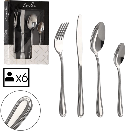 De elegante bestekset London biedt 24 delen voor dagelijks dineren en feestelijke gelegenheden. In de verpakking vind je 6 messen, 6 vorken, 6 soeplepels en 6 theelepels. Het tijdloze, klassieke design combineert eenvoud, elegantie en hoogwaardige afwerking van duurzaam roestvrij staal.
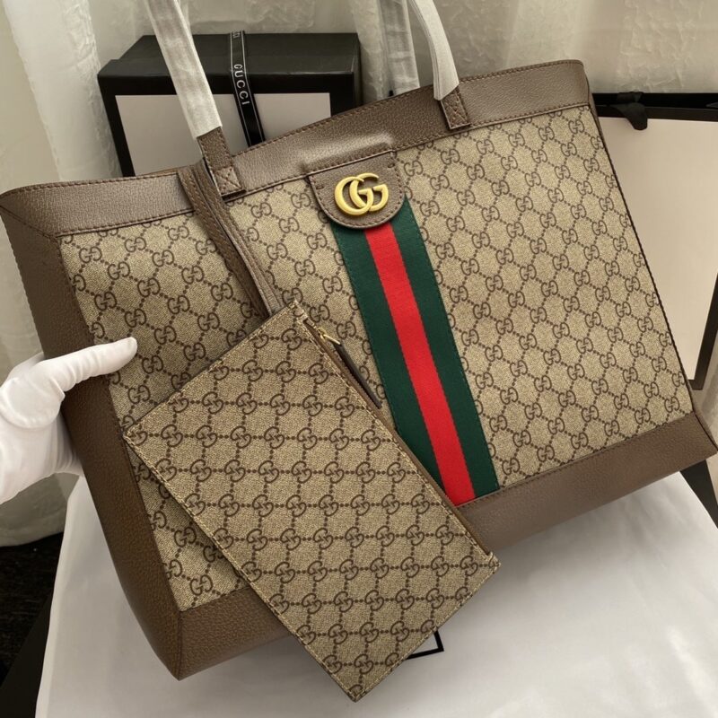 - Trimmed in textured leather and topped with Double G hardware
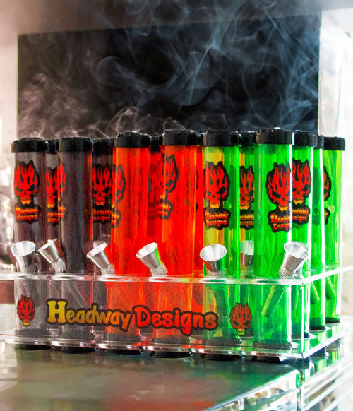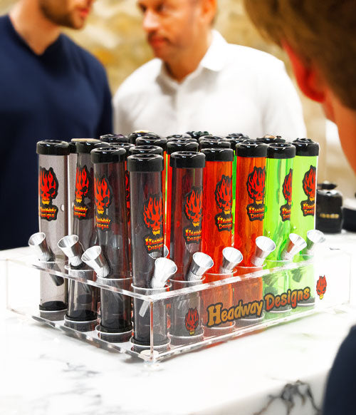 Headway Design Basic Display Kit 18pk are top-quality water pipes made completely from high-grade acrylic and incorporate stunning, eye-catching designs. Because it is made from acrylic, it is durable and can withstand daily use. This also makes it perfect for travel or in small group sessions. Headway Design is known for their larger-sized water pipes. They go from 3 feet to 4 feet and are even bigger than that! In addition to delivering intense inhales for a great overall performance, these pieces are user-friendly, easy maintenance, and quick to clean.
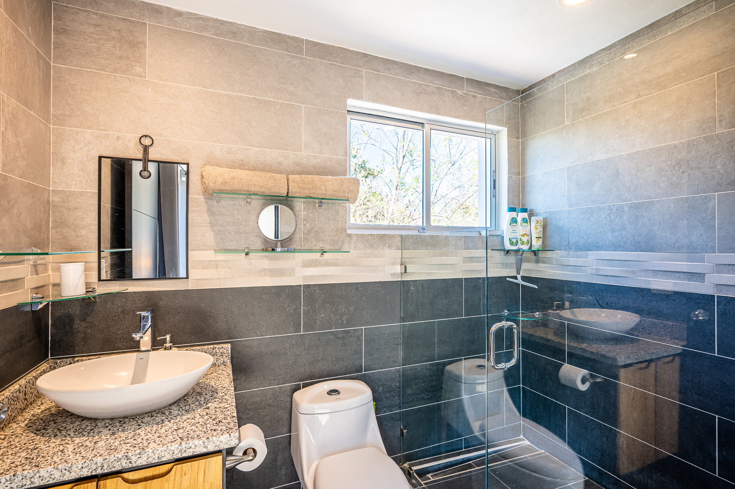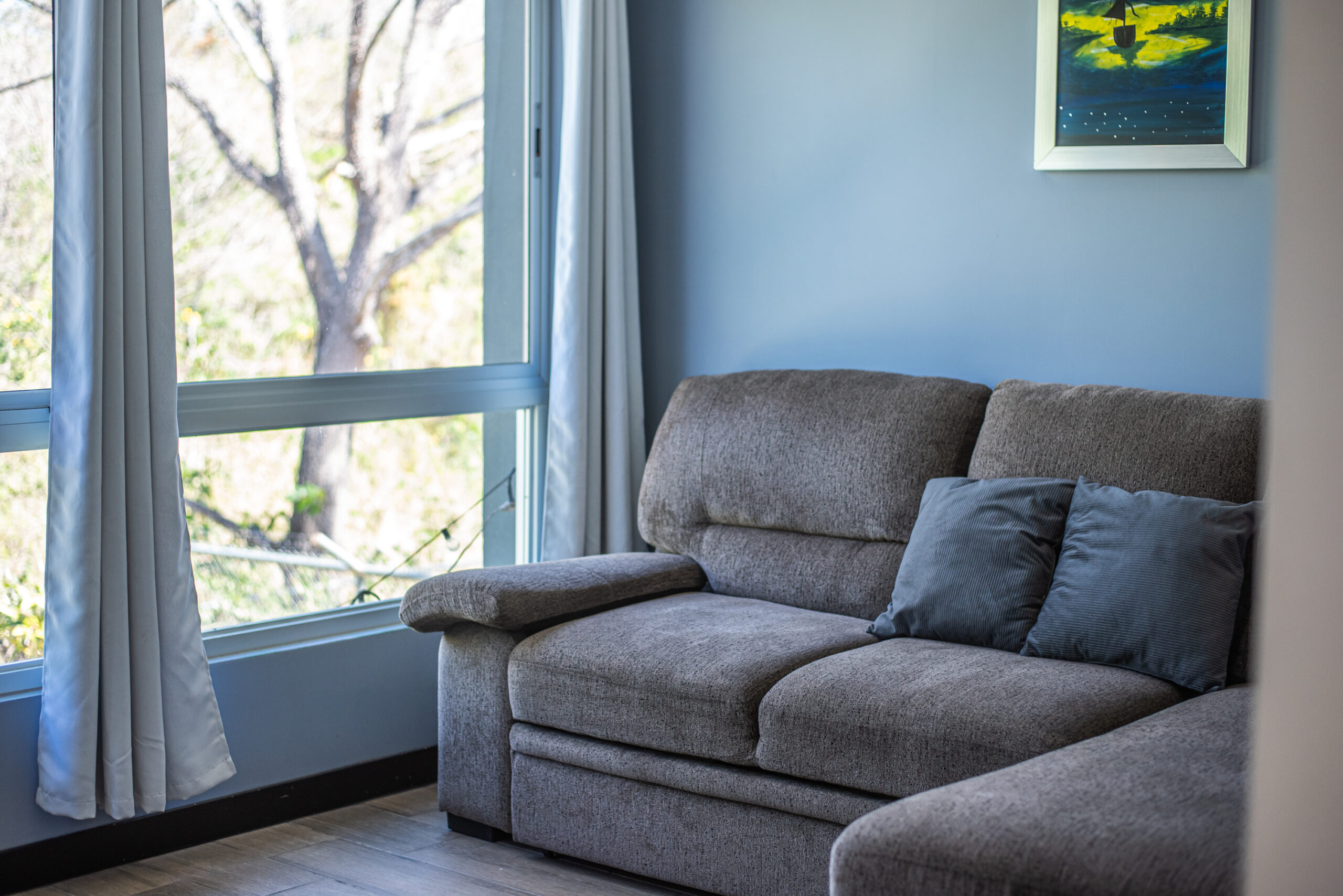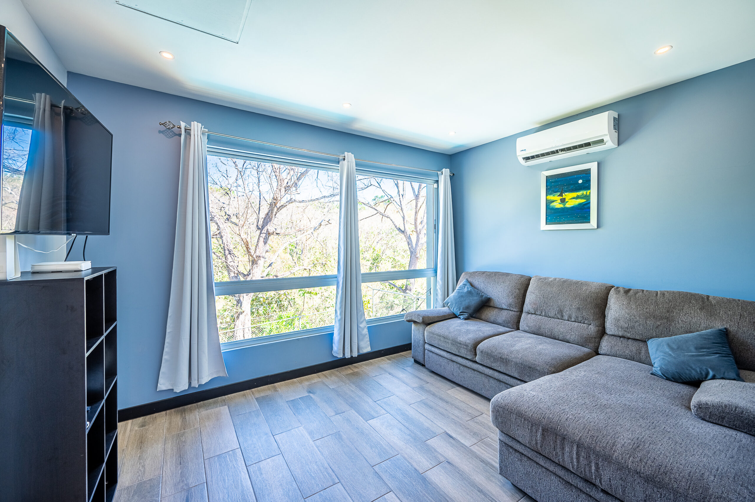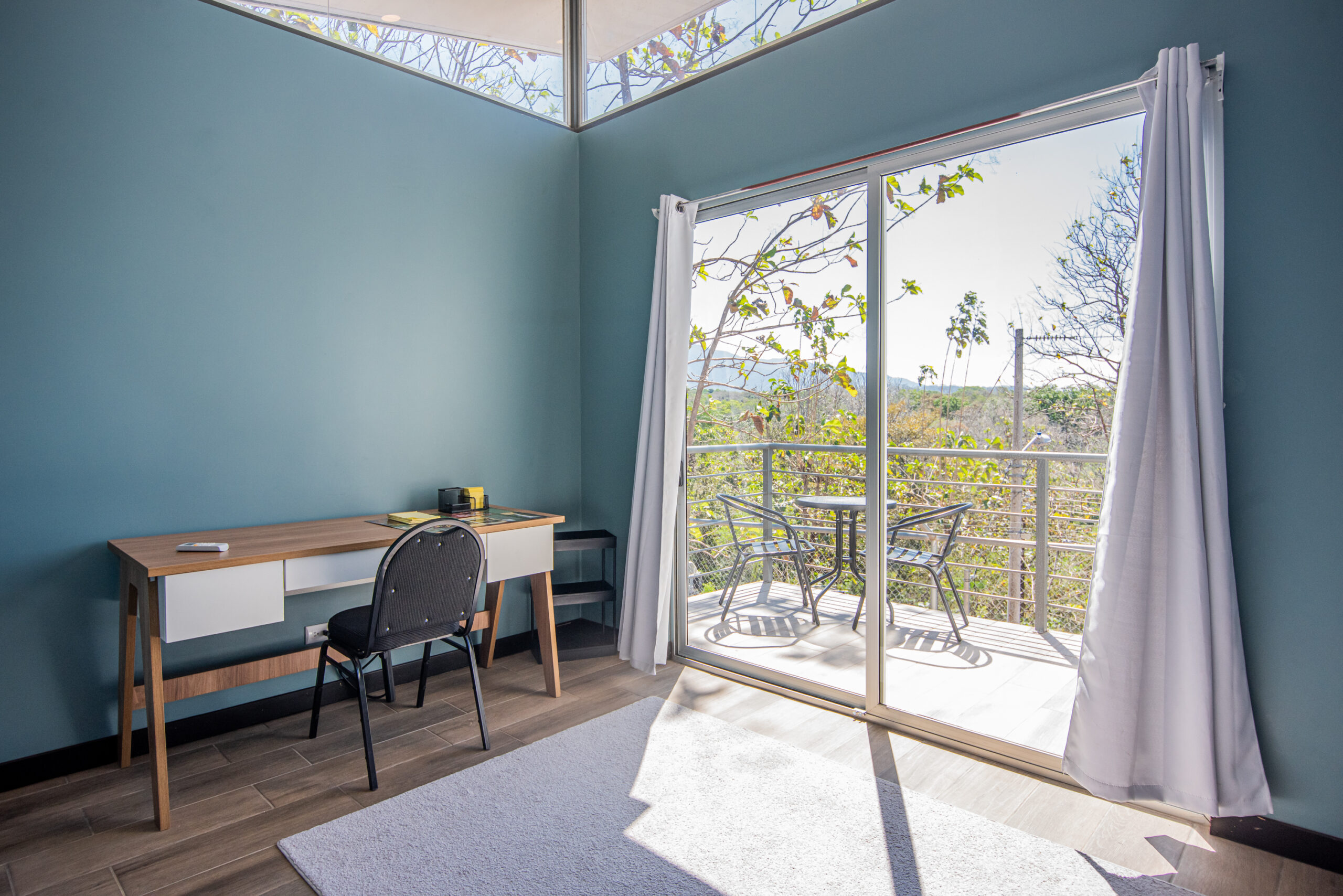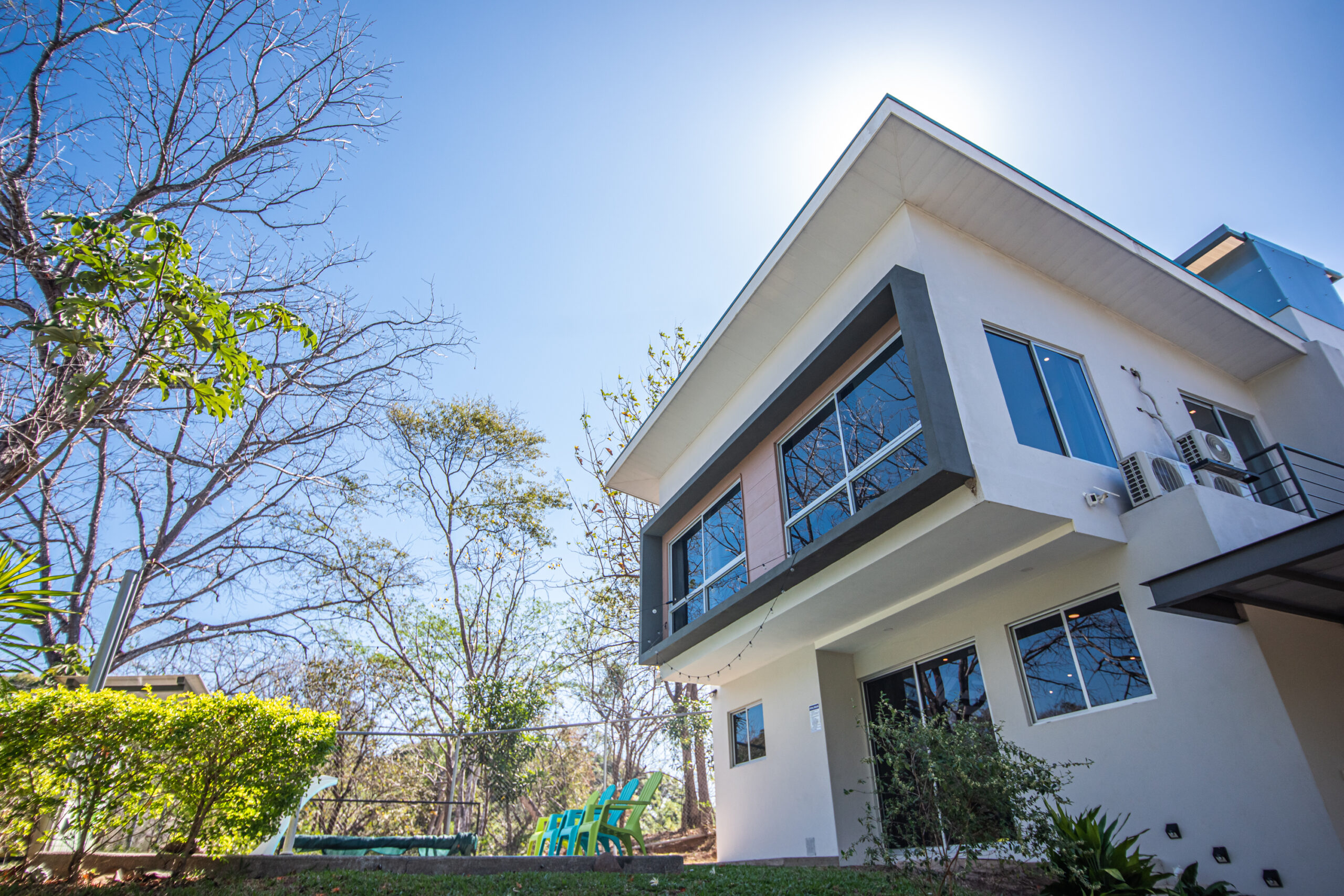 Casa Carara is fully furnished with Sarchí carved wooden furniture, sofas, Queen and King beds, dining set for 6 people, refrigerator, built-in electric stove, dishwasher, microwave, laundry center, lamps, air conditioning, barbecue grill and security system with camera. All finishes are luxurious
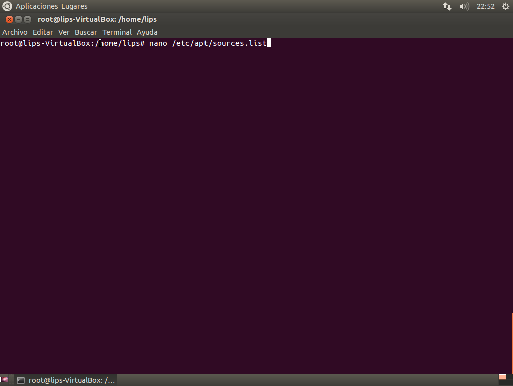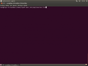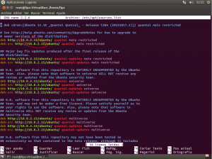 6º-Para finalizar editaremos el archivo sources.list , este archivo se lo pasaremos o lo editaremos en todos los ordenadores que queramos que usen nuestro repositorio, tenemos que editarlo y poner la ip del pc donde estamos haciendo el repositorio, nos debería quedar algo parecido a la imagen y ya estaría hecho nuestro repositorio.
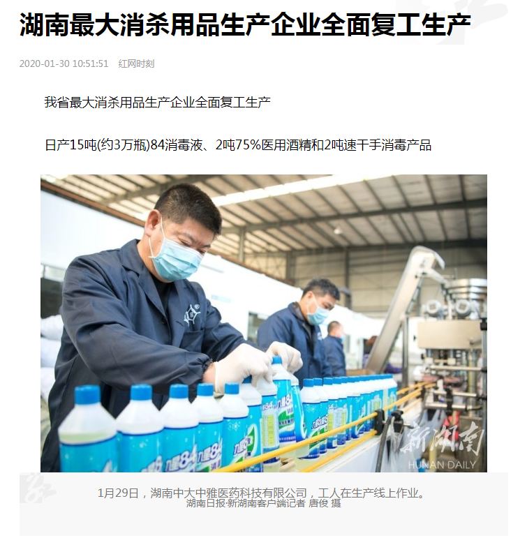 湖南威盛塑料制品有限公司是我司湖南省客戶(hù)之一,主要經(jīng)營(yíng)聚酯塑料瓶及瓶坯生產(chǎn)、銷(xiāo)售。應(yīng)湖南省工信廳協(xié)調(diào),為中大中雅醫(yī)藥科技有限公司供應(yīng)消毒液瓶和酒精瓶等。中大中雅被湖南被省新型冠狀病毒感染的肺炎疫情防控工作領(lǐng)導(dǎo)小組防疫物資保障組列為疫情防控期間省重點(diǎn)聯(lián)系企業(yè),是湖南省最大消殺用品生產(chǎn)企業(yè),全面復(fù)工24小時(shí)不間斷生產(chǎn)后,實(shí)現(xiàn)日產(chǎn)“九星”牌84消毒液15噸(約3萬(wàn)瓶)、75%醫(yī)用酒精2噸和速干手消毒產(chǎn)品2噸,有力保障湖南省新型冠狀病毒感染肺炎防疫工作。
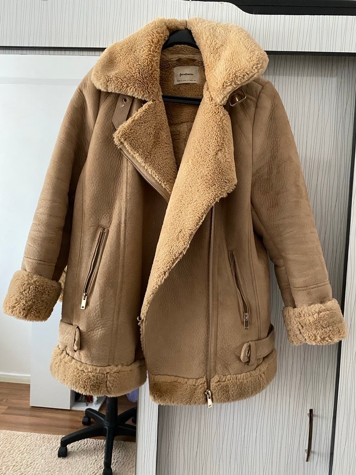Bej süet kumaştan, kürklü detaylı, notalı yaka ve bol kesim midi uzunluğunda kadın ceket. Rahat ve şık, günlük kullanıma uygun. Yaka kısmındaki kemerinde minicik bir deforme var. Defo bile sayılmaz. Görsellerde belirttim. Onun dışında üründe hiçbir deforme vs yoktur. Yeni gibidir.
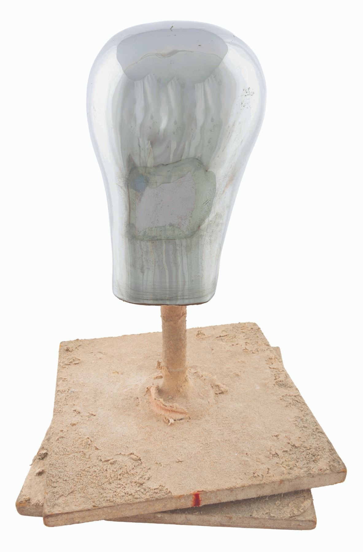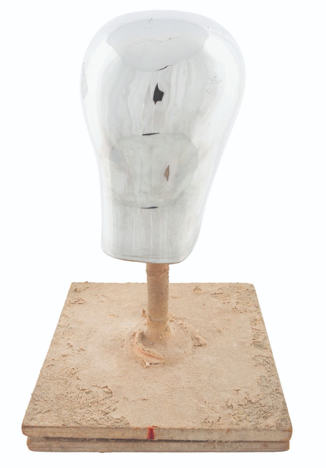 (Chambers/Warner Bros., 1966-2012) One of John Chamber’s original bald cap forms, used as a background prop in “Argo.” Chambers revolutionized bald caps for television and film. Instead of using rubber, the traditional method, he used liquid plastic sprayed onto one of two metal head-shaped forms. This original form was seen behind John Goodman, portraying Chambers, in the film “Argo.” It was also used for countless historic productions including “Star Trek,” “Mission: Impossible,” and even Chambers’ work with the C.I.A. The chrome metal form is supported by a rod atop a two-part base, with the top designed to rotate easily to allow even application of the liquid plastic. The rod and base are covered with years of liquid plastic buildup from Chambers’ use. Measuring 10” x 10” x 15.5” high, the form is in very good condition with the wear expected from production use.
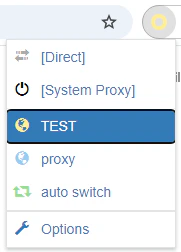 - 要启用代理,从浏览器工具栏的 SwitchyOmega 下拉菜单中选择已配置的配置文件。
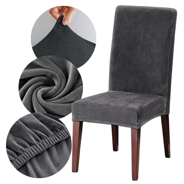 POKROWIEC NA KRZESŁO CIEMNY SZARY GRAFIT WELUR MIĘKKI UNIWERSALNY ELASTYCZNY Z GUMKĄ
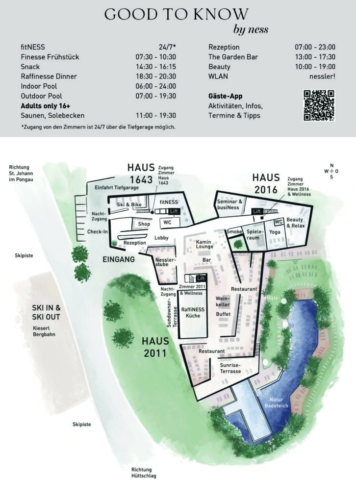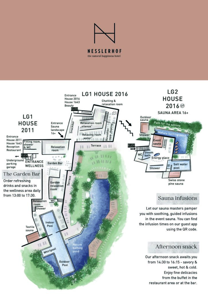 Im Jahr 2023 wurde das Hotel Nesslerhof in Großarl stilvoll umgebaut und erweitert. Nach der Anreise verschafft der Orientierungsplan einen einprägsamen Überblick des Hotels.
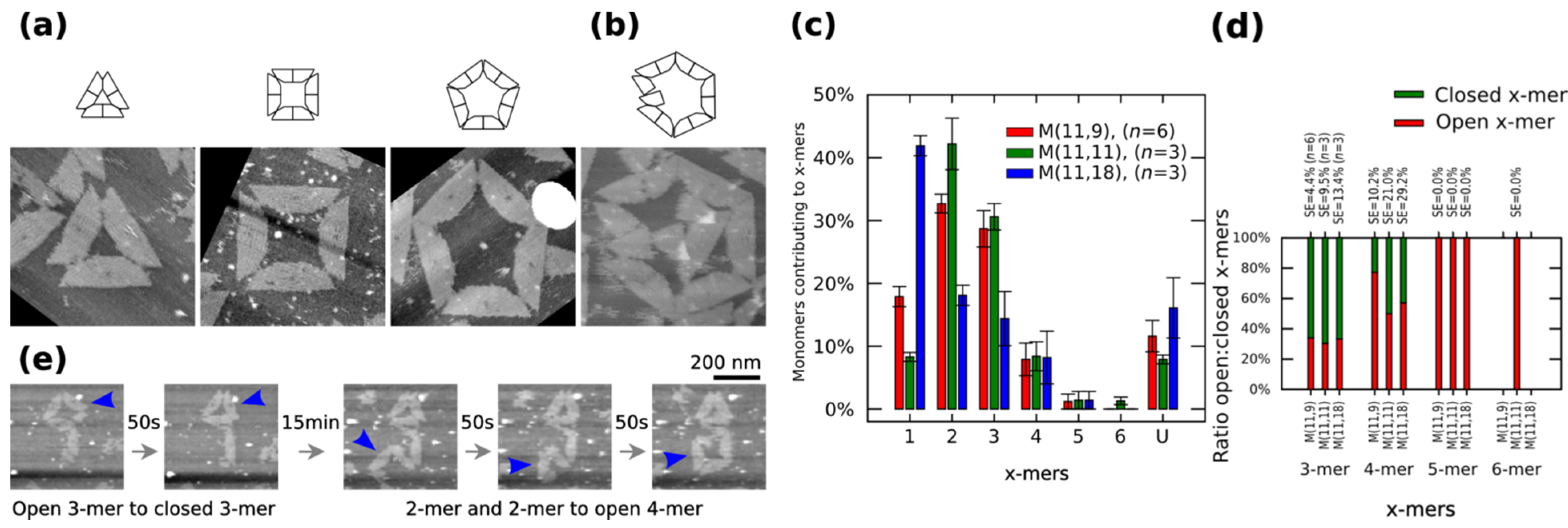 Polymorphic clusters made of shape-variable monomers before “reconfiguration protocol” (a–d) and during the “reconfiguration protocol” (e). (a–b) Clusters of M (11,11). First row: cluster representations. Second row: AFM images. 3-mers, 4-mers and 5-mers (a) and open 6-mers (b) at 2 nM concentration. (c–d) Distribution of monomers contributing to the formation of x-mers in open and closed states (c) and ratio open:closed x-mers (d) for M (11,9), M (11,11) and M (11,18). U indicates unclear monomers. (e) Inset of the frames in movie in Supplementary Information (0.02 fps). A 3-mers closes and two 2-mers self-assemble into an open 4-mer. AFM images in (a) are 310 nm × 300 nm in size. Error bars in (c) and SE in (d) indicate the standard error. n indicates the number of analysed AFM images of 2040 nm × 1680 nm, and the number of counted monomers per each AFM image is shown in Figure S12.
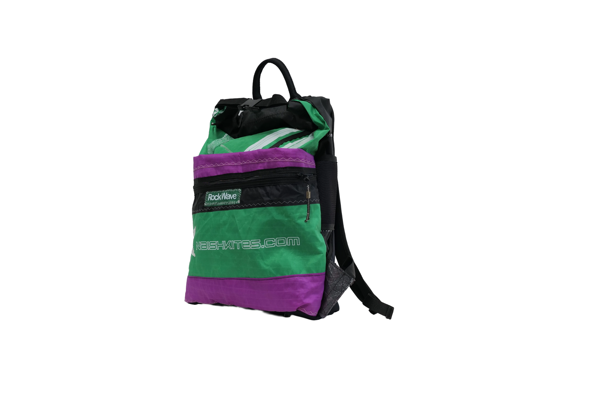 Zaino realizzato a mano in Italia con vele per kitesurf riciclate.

------------

▶ _EXERCISE INSTRUCTIONS_
Write the records above out again exactly, but not the pictures.

▶ _WRITTEN RESPONSE_
 De elegante bestekset London biedt 24 delen voor dagelijks dineren en feestelijke gelegenheden. In de verpakking vind je 6 messen, 6 vorken, 6 soeplepels en 6 theelepels. Het tijdloze, klassieke design combineert eenvoud, elegantie en hoogwaardige afwerking van duurzaam roestvrij staal.
 - Trimmed in textured leather and topped with Double G hardware
 Headway Design Basic Display Kit 18pk are top-quality water pipes made completely from high-grade acrylic and incorporate stunning, eye-catching designs. Because it is made from acrylic, it is durable and can withstand daily use. This also makes it perfect for travel or in small group sessions. Headway Design is known for their larger-sized water pipes. They go from 3 feet to 4 feet and are even bigger than that! In addition to delivering intense inhales for a great overall performance, these pieces are user-friendly, easy maintenance, and quick to clean.
 Casa Carara is fully furnished with Sarchí carved wooden furniture, sofas, Queen and King beds, dining set for 6 people, refrigerator, built-in electric stove, dishwasher, microwave, laundry center, lamps, air conditioning, barbecue grill and security system with camera. All finishes are luxurious
 6º-Para finalizar editaremos el archivo sources.list , este archivo se lo pasaremos o lo editaremos en todos los ordenadores que queramos que usen nuestro repositorio, tenemos que editarlo y poner la ip del pc donde estamos haciendo el repositorio, nos debería quedar algo parecido a la imagen y ya estaría hecho nuestro repositorio.
 湖南威盛塑料制品有限公司是我司湖南省客戶(hù)之一,主要經(jīng)營(yíng)聚酯塑料瓶及瓶坯生產(chǎn)、銷(xiāo)售。應(yīng)湖南省工信廳協(xié)調(diào),為中大中雅醫(yī)藥科技有限公司供應(yīng)消毒液瓶和酒精瓶等。中大中雅被湖南被省新型冠狀病毒感染的肺炎疫情防控工作領(lǐng)導(dǎo)小組防疫物資保障組列為疫情防控期間省重點(diǎn)聯(lián)系企業(yè),是湖南省最大消殺用品生產(chǎn)企業(yè),全面復(fù)工24小時(shí)不間斷生產(chǎn)后,實(shí)現(xiàn)日產(chǎn)“九星”牌84消毒液15噸(約3萬(wàn)瓶)、75%醫(yī)用酒精2噸和速干手消毒產(chǎn)品2噸,有力保障湖南省新型冠狀病毒感染肺炎防疫工作。
Bej süet kumaştan, kürklü detaylı, notalı yaka ve bol kesim midi uzunluğunda kadın ceket. Rahat ve şık, günlük kullanıma uygun. Yaka kısmındaki kemerinde minicik bir deforme var. Defo bile sayılmaz. Görsellerde belirttim. Onun dışında üründe hiçbir deforme vs yoktur. Yeni gibidir.
 (Chambers/Warner Bros., 1966-2012) One of John Chamber’s original bald cap forms, used as a background prop in “Argo.” Chambers revolutionized bald caps for television and film. Instead of using rubber, the traditional method, he used liquid plastic sprayed onto one of two metal head-shaped forms. This original form was seen behind John Goodman, portraying Chambers, in the film “Argo.” It was also used for countless historic productions including “Star Trek,” “Mission: Impossible,” and even Chambers’ work with the C.I.A. The chrome metal form is supported by a rod atop a two-part base, with the top designed to rotate easily to allow even application of the liquid plastic. The rod and base are covered with years of liquid plastic buildup from Chambers’ use. Measuring 10” x 10” x 15.5” high, the form is in very good condition with the wear expected from production use.
 - 要启用代理,从浏览器工具栏的 SwitchyOmega 下拉菜单中选择已配置的配置文件。
 POKROWIEC NA KRZESŁO CIEMNY SZARY GRAFIT WELUR MIĘKKI UNIWERSALNY ELASTYCZNY Z GUMKĄ
 Im Jahr 2023 wurde das Hotel Nesslerhof in Großarl stilvoll umgebaut und erweitert. Nach der Anreise verschafft der Orientierungsplan einen einprägsamen Überblick des Hotels.
 Polymorphic clusters made of shape-variable monomers before “reconfiguration protocol” (a–d) and during the “reconfiguration protocol” (e). (a–b) Clusters of M (11,11). First row: cluster representations. Second row: AFM images. 3-mers, 4-mers and 5-mers (a) and open 6-mers (b) at 2 nM concentration. (c–d) Distribution of monomers contributing to the formation of x-mers in open and closed states (c) and ratio open:closed x-mers (d) for M (11,9), M (11,11) and M (11,18). U indicates unclear monomers. (e) Inset of the frames in movie in Supplementary Information (0.02 fps). A 3-mers closes and two 2-mers self-assemble into an open 4-mer. AFM images in (a) are 310 nm × 300 nm in size. Error bars in (c) and SE in (d) indicate the standard error. n indicates the number of analysed AFM images of 2040 nm × 1680 nm, and the number of counted monomers per each AFM image is shown in Figure S12.
 Zaino realizzato a mano in Italia con vele per kitesurf riciclate.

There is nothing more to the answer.